So that actually was going to be my next question was how long would this entire procedure take from the immediate approach of Andromeda? Obviously, it’s not going to be very, very quick, because I think if I’m not mistaken, the Milky Way takes about 240 million years to rotate. So if these galaxies are turning around each other, then it’s going to take millions and millions and millions of years for this process, surely?
Yes. So they think they will collide in about 5 billion years. As I mentioned, I think probably at first is going to be a flyby. So they will come together and then separate again. Before coming together again and properly merging the process, we tend to think merger to post-merger can be a billion to 2 billion years. It’s a little bit arbitrary to decide when a galaxy is relaxed when it’s settled.
Some people say when the two cores cannot be distinguished anymore, then the galaxy is not a merger anymore, but are different interpretation because depends how in-depth you want to go. Because at the core of most galaxies, and certainly at the core of the Milky Way and Andromeda, there is a supermassive black hole. And so is the merger complete when the supermassive black holes merge? Potentially; but also know that that phenomena usually have consequences because the two supermassive black holes might be active.
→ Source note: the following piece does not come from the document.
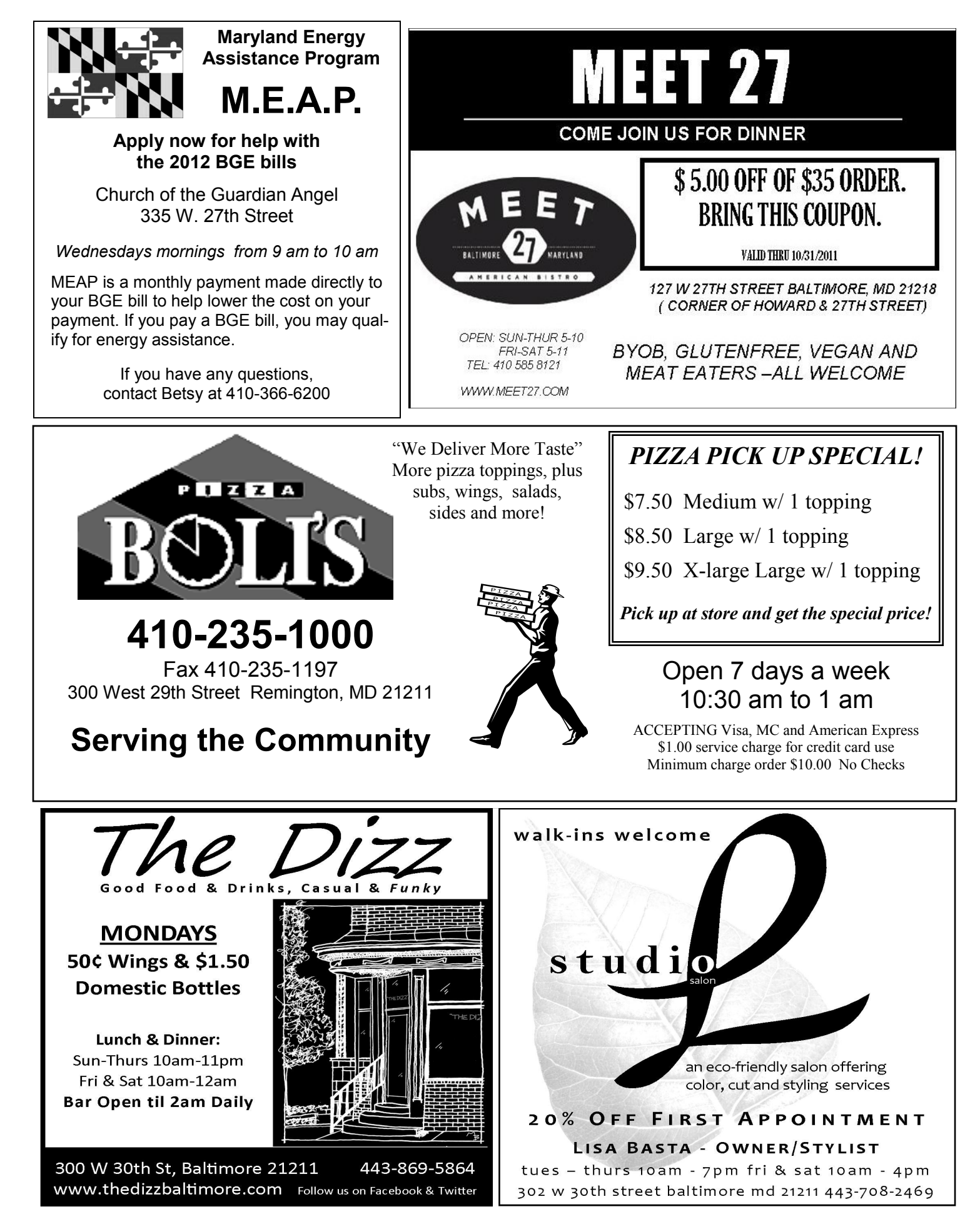
Remington Community Newsletter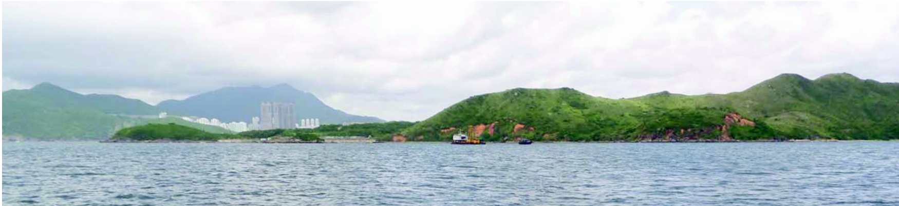
VP5 - Existing View from the sea of Joss House Bay

Or maybe sometimes only one is active and when they merge, then the final black hole becomes active, and affects the galaxy. I guess one of the issues with science that we have a way to describe the world, the universe that is limited to the definition that we give them. It’s a bit arbitrary. This whole process probably lasts a couple of billion years. And that’s when we finally end up seeing in the sky, at the end of this process, instead of having the strip of light that is the milky way there’s going to be central bright or brighter spots, the Milky Way & Andromeda, they’re not going to stay spiral galaxies. The merger will be so dramatic that their entire geometry will change, and they will become an elliptical galaxy.
That’s incredible. So it’s a brand new sky at night.
Definitely a brand new sky at night!
That’s fantastic! Thank you very, very much for answering my question today.
Always my pleasure.
Do you have any burning questions for the Astroholic? If so send them into me out @illucifer on Twitter, and I will spring it on him in an upcoming episode. See you next time!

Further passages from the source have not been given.